從狹窄的管道到從未遠川河面脫出隻用了數分鍾,室外冰冷清冽的空氣讓之前被惡臭和悶熱的環境弄得不得安寧的心神終於能夠放松了下來。
然後,霧切掏出了一個遙控器。
“What’s-this(這啥)?”
“炸彈的引爆遙控……啊,因為是定向爆破的所以不用擔心傷到旁人哦。”
一邊若無其事地說著,側身走了兩步躲開了排水口的霧切按下了手中的遙控器。
然後——
提問:如果在一個狹窄的管道狀空間之中引爆了炸彈,會發生什麽事?
答案:雖然有可能連管壁也一同炸裂,但是在那之前,劇烈的爆炸會因為周圍的阻力不一樣而順著管道的方向一直轟出去,就像是槍口的效果一樣。

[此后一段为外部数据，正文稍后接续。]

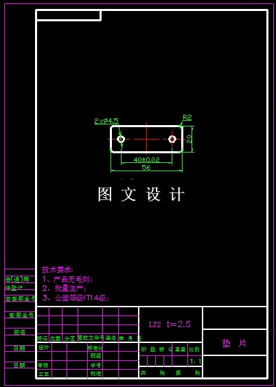 该工件形状为平板,只需要设计其冲裁模即可,从形状分析,该零件形状简单,且对称,避免复杂形状的曲线,把冲裁件设计成少、无废料排样的形状,以减少废料,工件形状为矩形,直角处用圆弧连接,以利于模具加工。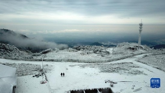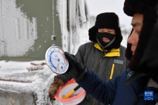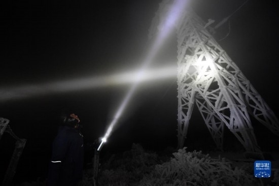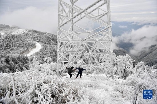 12月18日,尹斌和龍昱君在110千伏西公線(xiàn)001號(hào)監(jiān)測(cè)哨所觀測(cè)鐵塔和導(dǎo)線(xiàn)的覆冰情況。

劇烈引爆的炸彈不僅將Caster和龍之介珍藏的噩夢般的藝術品在瞬間銷毀殆盡,而且還卷動著下水道中的水和海魔的肉塊,向著外面卷了過來。
“噢啦噢啦噢啦噢啦噢啦噢啦噢啦噢啦!!!(オラオラオラオラオラオラオラオラ!!!)”
白金之星的怒吼之下,空條承子成功地將水流彈開,躲到了一邊的安全地帶。
但是……
讓我們為被汙水和肉塊糊了一臉並打飛了的天馬同學點根蠟燭……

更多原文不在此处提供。